Prosecutors were able to secure Lee’s arrest in their second attempt, thanks to new evidence showing President Park’s broader involvement in Samsung’s family succession plan. Initially, prosecutors focused on their argument that Samsung offered bribes and in return, the government backed a controversial merger of two Samsung companies in 2015, which was a key step in the leadership transition.

But after the initial request was dismissed, additional evidence from a notebook that belonged to a top presidential adviser showed that the government gave favours to Samsung in other areas related to the Lee family’s father-to-son succession, said Lee Kyu-chul, a spokesman for the special prosecution team.

Thanks to the family’s decadeslong succession plan, the 48-year-old heir to Samsung was able to amass enormous wealth even before starting his own business.

Lee’s net worth is estimated at $6 billion. Here’s how: In 1995, the elder Lee gave his only son, then in his 20s, 6 billion won ($52 million), which became the seed money to purchase unlisted stock in several Samsung companies. And during the next two decades those unlisted Samsung companies saw increased revenues based on lucrative deals done with other Samsung firms. The shares could then be sold when the companies went public. Some Samsung securities were sold at illegally cheap prices to Lee before he sold them off with huge returns, which later led to the conviction of his father.

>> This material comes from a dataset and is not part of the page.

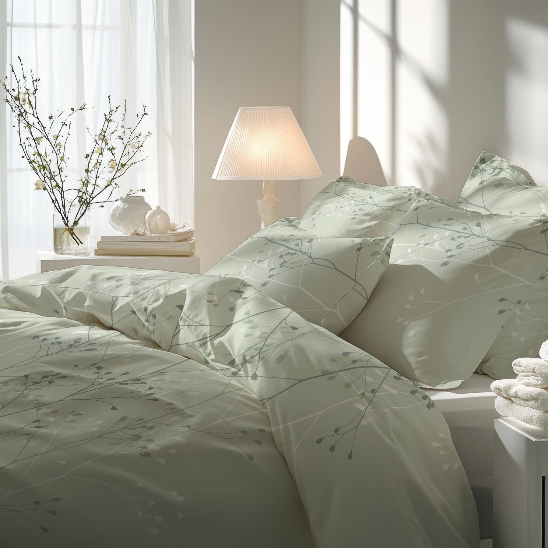 So entsteht eine Bettwäsche mit zurückhaltender Eleganz – leicht, ruhig und voller sommerlicher Atmosphäre, die ein Gefühl von Entspannung und Natur ins Schlafzimmer bringt.

With the Samsung scion’s arrest, others saw an opportunity to change a business community long criticized for poor corporate governance and a lack of transparency.

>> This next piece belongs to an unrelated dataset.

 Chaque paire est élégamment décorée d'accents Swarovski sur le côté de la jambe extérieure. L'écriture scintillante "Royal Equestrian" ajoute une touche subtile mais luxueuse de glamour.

Even though Lee has less than a 1 per cent stake in Samsung Electronics and his father owns a 3.5 per cent stake, the family’s influence on the consumer electronics giant and other Samsung companies exceed other shareholders thanks in part to the way they control the business empire through a complicated web of cross-shareholding.

The merger between Samsung C&T and Cheil Industries in 2015 was one example showing how the Lee family could exert an outsized influence on Samsung Group.

Opponents of the merger, mostly minority shareholders, said the deal unfairly benefits the founding family while hurting other shareholders by devaluing the price of one company.

Samsung narrowly won the shareholder approval thanks to the support from the National Pension Fund, its key investor. Lee became the majority shareholder of the merged entity and he gained control over Samsung Electronics stock owned by Samsung C&T before the merger. If Lee had bought more Samsung Electronics stock, it would have cost him billions of dollars. But by merging two companies, he did not have to spend a penny.

“The arrest of Lee Jae-yong should provide a momentum for fundamental changes to end the collusion between the government and businesses, and reform the chaebol,” said Park, referring to the family-controlled business conglomerates that dominate the economy.